# Modernism versus Postmodernism?



## baron (Mar 13, 2012)

I started reading Lectures on Calvinism by Abraham Kuyper. Speaking on Modernism, I came upon this. 

In this struggle Apologetics have advanced us not one single step. Apologists have invariably begun by abandoning the assailed breastwork, in order to entrench themselves cowardly in a ravelin behind it.

If he felt this way about Apologetics in his age, then is Apologetics needed in a Postmodern age?

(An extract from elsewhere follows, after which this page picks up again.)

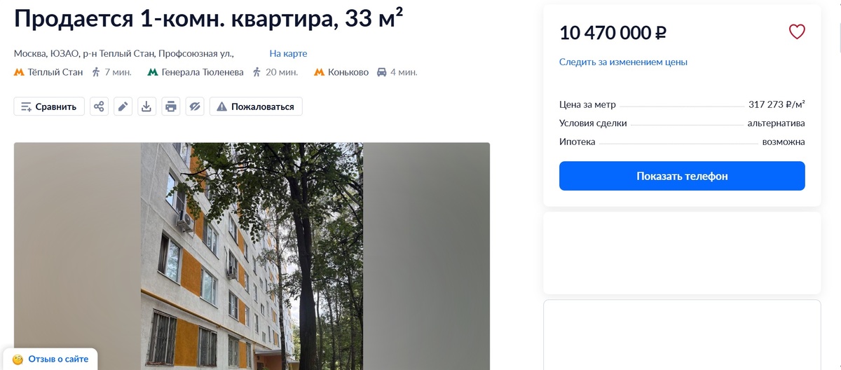 ТОП-5 самых доступных по цене “однушек” в ЮЗАО, внутри МКАД.

When did the Postmodern age start?

Disclaimer, I'm totaly igorant regarding Philosophy and Apologetics. Every time I try to read in Philosophy, I end up feeling like Lou Costello in Who's On First.


----------



## jwright82 (Mar 13, 2012)

O.K. modernism was the beleif that reason alone could solve all human problems. Pick a problem, any problem and we could rationally work out the solution for it. During WW2 this dream was shot down. The Nazi's very rationally worked out their agenda along modernist lines. So thinkers begin to believe that reason cannot answer our problems. In fact they blamed reason for what happened. That is post-modernism. 

Since postmodern thought went into an irrational beleif system, we need apologetics to say that western philosophy apart from the christian worldview will always end in this irrational view.


----------



## J. Dean (Mar 14, 2012)

I like G.K. Chesterton's quote along these lines: A madman is not one who has lost his reason; a madman is one who has lost everything except for his reason.

It's ironic that the emergent "church" has criticized the church for being steeped in modernism, considering that some of the most vicious attacks on the church came from the modernist movement.

BTW, John, anyone trying to read Hegel will get that Lou Costello feeling as well.


----------



## athanatos (Mar 14, 2012)

J. Dean said:


> BTW, John, anyone trying to read Hegel will get that Lou Costello feeling as well.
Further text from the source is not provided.